## Preprocessing the data from the Market Research Survey

In [None]:
# import libraries
import pandas as pd

# import csv file as dataframe
data_path = "tudublin_amenities_access_survey.csv"
survey_data = pd.read_csv(data_path, delimiter=",", encoding='unicode_escape')
survey_data.head(5)

In [None]:
# check number of rows and columns
print("Number of columns: ", len(survey_data.columns))
print("Number of rows: ", len(survey_data))

In [None]:
# check data type of columns -- all object
print("Data types of columns:")
survey_data.dtypes

### First order of business: clean up the df
<li> I will start by removing the unecessary columns: start & completion time, name & email because they're empty.<br></li>
<li>Need to rename the columns as well</li>
<li>Next, I will fill in the NAN in county responses, and group the different "other" responses in job<br></li>
<li>Then, I will split the df into those who are employed and unemployed, and then those who use public amenities or not in their professional life.</li>

In [None]:
# remove unecessary columns
survey_data = survey_data.drop(survey_data.columns[[1,2,3,4]], axis=1)

# import column names
col_file = open("col_names.txt", "r")
col_names = col_file.read()
col_list = col_names.replace(' ','').split(",")
col_file.close()

# rename columns
survey_data = survey_data.set_axis(col_list, axis=1)
print(survey_data.columns)

In [None]:
# remove trailing semicolons in all columns
survey_data = survey_data.map(lambda x: x.rstrip(';') if isinstance(x, str) else x)

In [None]:
# group the "other" answers together in new/existing categories using dictionaries and mapping
sector_list_replace = ["Education","Government", "Construction", "Hospitality", "Technology", "Other"]

sector_dict = {
    sector_list_replace[0] : ["Student"],
    sector_list_replace[1] : ["Local Government","COUNTY COUNCIL"],
    sector_list_replace[2] : ["Architecture"],
    sector_list_replace[3] : ["Services (events)","Food","Fast food","Food Service","restaurant"],
    sector_list_replace[4] : ["IT","Software Development","Technology/Finance","Data","IT solutions and services.","Cybersecurity ","Tech"],
    sector_list_replace[5] : ["Pharmaceuticals","Arts","Mechanic"]
}

sector_map = {item: sector for sector, items in sector_dict.items() for item in items}
survey_data["sector"] = survey_data["sector"].map(sector_map).fillna(survey_data["sector"])

<li>I combined food services, restaurant, fast food and service events under hospitality
<li>I combined the different versions of tech, cybersecurity, IT under techonology
<li>I put architecture under construction
<li>I put student under education
<li>Any other sector which constituted 1 response, I put it under Other


In [None]:
# split in 2 sub dataframe, those that use amenity data for work and those who dont
# user A = dont' use amenity data
# user B = use amenity data

users_A = pd.DataFrame(survey_data[survey_data["use_amenity_data"] == "No"])
users_B = pd.DataFrame(survey_data[survey_data["use_amenity_data"] == "Yes"])

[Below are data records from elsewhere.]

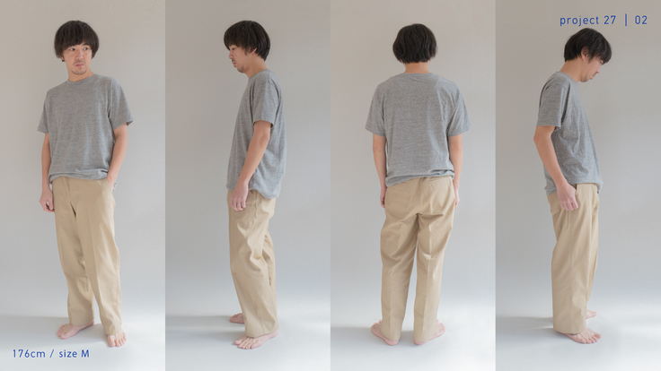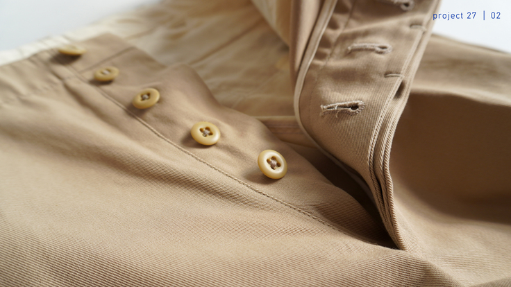 <27-01>に続き、私たちが提案する<27-02>は「チノパン」です。ミリタリーウェアをルーツに持つこのアイテムも、今や世界中で愛用されている街着の定番品となっています。多くの人が一度は履いたことのあるこの見慣れたアイテムを、私たち『27』の視点で最高の一本に仕上げたいと考えています。
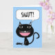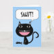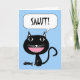 Salut! Hello in French, Black Cat with Fish Bones Card
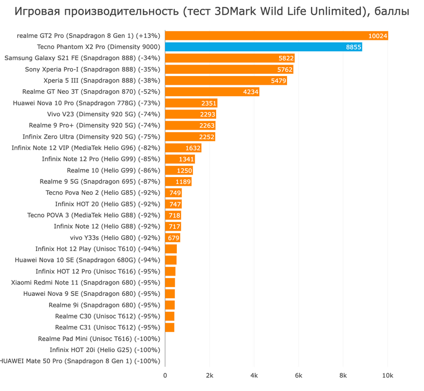 По крайней мере, по CPU. По GPU там уже преимущество на стороне Qualcomm. Но главное, что при всей этой мощи, Techo Phantom X2 Pro почти не тротлит. Так что это не случай “сила есть — ума не надо”, а ровно обратная ситуация.
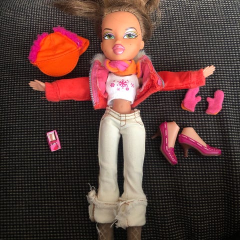 Super fin Bratz Yasmin dukke fra 00’erne i sødt sæt tøj. Pris 60 kr. (Se også mine andre Bratz annoncer)
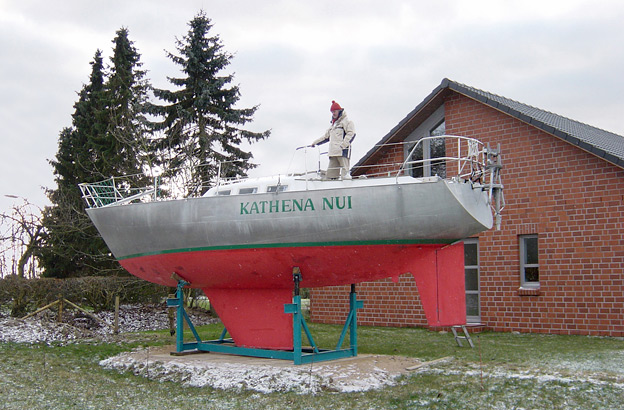 Wieder: Weihnachten. Neues Jahr. Grüße versenden. Geschriebene Karten von der Liste streichen. Geschenke kaufen. Kekse backen. Kerzen anzünden. Kerzen auspusten. Und in diesem Jahr haben wir vorm Wohnzimmerfenster einen zugefrorenen Teich. Eigentlich eher eine Überschwemmung. Die einzige noch übrig gebliebene in unserem Dorf. Die anderen wurden im Laufe der Jahrzehnte alle trocken gelegt. Uns tut eine entspannte Weihnachtswoche gut. Haben wir doch in diesem Jahr viel zu tun gehabt: Zwei Bootsmessen mit Schiff bestückt, Video und DVD hergestellt, Texte geschrieben, Diavortrag mit Originaltönen und Musik zusammengestellt, undsoweiter. Ein zuviel an Entspannung wird’s nicht geben. Bis Ende erste Januarwoche muss ich ein Buch fertig stellen: "Tausend Tage Robinson" wird neu aufgelegt und mit ergänzenden Texten und teils neuem Bildmaterial versehen. Erscheinen ist für Ostern geplant. „Robinson“ ist das Buch von der Weltumseglung mit Astrid 1969/72. Als wir noch verdammt jung waren. Tja. Ab Februar stehen wieder Vorträge an. Wie läuft so was ab. Einen erlebnisreichen hatten Astrid und ich im höchstgelegenen Segelclub Deutschlands: Club Maritim Bad Steben auf 580 Meter das ist im tiefsten Frankenwald. Ankunft nach vielen Stunden PKW-Fahrt um 14 Uhr in Lichtenberg, dem Städtchen nebenan. Eine Werksbesichtigung des Tauherstellers Rosenberger/Liros steht an. Flechtmaschinen arbeiten langsamer als erwartet. Dafür gibt’s eben Qualität. Weiter geht’s nach Bad Steben. Um 16 Uhr Stollenessen und Kaffee trinken in der Konditorei Reichl mit dem Vorstand des Vereins. Danach endlich Hoteleincheck und Gesichtswäsche. Ab 17.30 Uhr Aufbau der Vorführgeräte und Tonanlage. Zwischendurch Gespräche mit besonders neugierigen und interessierten Seglern. 19.30 Uhr Beginn meiner 90-minütigenVeranstaltung mit Life Kommentar. Anschließend Fragen und Antworten. Bücher signieren. Um 22.00 Uhr Abbauen und Einpacken der Geräte und später gemeinsames Büffetessen mit Umtrunk im Klubheim. Das Hotelbett spürt uns gegen 02.00 Uhr. Das ist aber noch nicht das Ende der Bad Stebener Veranstaltung: Morgens Frühstück mit dem Vorstand samt Abrechnung und Geschenken (Stollen, Schinken, Pralinen und dergleichen). Danke für die exzellente Betreuung. Danke. Wagen packen und dann sind wir wieder "on the road". Die 11,50 Meter lange Slup OLE HOOP ist verschollen. Und mit ihr die Crew Johanna Michaelis und Klaus Nölter. Ich bin den Beiden nie begegnet, sie haben aber ein wunderschönes Buch geschrieben. Das "Hamburger Abendblatt" und die "Yacht" haben mich über den Notruf informiert. Die letzte Position der Segler per Notrufbake: etwa 55 Grad Süd und 73 Grad West 200 Meilen westlich vom Kap Hoorn oder knapp 80 Seemeilen vierkant zur Küste Feuerlands. Eine zerstörerische Wetterecke: ansteigender Meeresboden (von 4000 auf 1500 Meter), verquere Meeresströmungen, 6 Grad Wassertemperatur. Die "Yacht" hat ein paar Zeilen von mir gewollt: “Wie kann sich der Leser das Wetter dort vorstellen?" Die Antwort ist mir nicht sonderlich gelungen (zu lesen in "Yacht" Nr.2). Vermutlich war ich zu zurückhaltend. Mit diesem Schiff wäre ich wohl nicht dorthin gesegelt: weite Überhänge, Mast durchgesteckt, Deck und Aufbau aus Holz, großes Cockpit. Was die gesamte Kap-Hoorn-Region so gefährlich macht sind vor allem die schnell wechselnden Stürme in Stärke und Richtung, sodass enorme Kreuzseen entstehen, die immer wieder Segler in Bedrängnis bringen. Das heißt, man wird schon mal richtig von einer Welle zugeschüttet oder schlimmer: schießt bugüber einen Wellenberg hinab. Ich hatte mit KATHENA NUI auch Glück und natürlich vorgesorgt: kleine, metallene Klappluken, winzige Plicht, Mast an Deck stehen, Backstagen, wasserdichte Sektionen im Rumpf und nicht zuletzt Werkstoff Aluminium. Vielen herzlichen Dank all denjenigen, die geholfen haben, uns ein überaus erfolgreiches Jahr zu bescheren. "Allein gegen den Wind" belegt in der Jahresbestseller-Liste Platz 47.
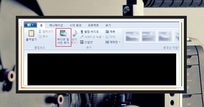 ▼ 무비메이커를 실행한 화면입니다. [비디오 및 사진 추가]를 누른 후 기념일 동영상에 포함시키고 싶은 사진이나 비디오 파일을 선택하고 확인 눌러주세요.
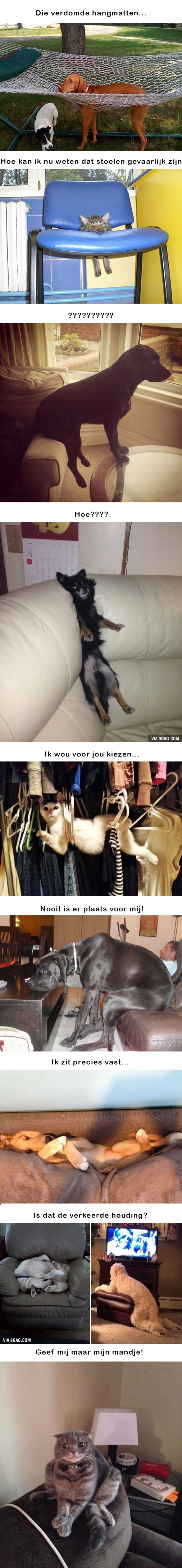 Ongemakkelijke houdingen voor honden en katten ... Toch tref je ze soms zo aan . Waarom ? Willen ze iets nieuws uittesten en valt het dan tegen ? Ervaring leert hen te streven naar meer comfort !
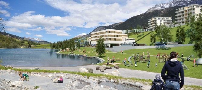 Auf dem Seeareal in Barnagn ist der Bau eines Erlebnisbads mit einem Hotel im 3-Sterne-Superior-Bereich mit rund 240 Betten geplant. Vom Gesamtinvestitionsvolumen entfallen rund 43 Mio. Franken auf Bad und Hotel, wie Patric Vincenz gegenüber htr.ch bestätigt. Das Hotel soll für Familien erschwinglich sein. Das Erlebnisbad umfasst verschiedene Innen- und Aussenschwimmbecken, eine grosse Wasserröhrenrutsche und einen grossen, modernen Wellnessbereich. Entstehen sollen auch Restaurationsbetriebe im Bad und Hotel.
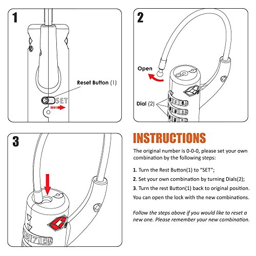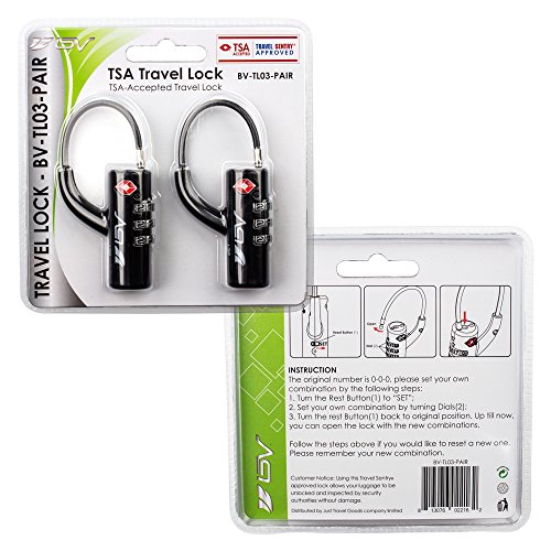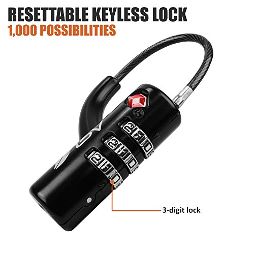 -. Feature : TSA Accepted - Can be unlocked and relocked by TSA agents without having to break the lock open. / No Key to Lose - The 3-digit resettable combination lock is easy to set and use. / Resettable 3-digit Combinations - Set a combination that you won't forget from 1.000 possible combination. / Prevent the Grab-and-go Theft - Keep your personal possessions, like tablets, phones or valuables, safe and secure in many situations. / 100% Satisfaction Guarantee - Backed by BV 30 days Money Back Guarantee with 3 years free replacement warranty.

#### Pre process user_A = Those that DONT USE amenity data

In [None]:
# remove useless columns aka those with only NAN values
users_A = users_A.dropna(axis=1, how='all')


# replace NaN with "unapplicable" in columns users did not answer (branching) and "empty" with those users chose to not answer
## made a mistake in the branching for this section, other_amenity sends to contact, demo sends to other feature instead of other amenity as well

A_branch_cols_list = users_A.columns[7:9].tolist()
A_unrequired_cols_list = users_A.columns[9:].tolist()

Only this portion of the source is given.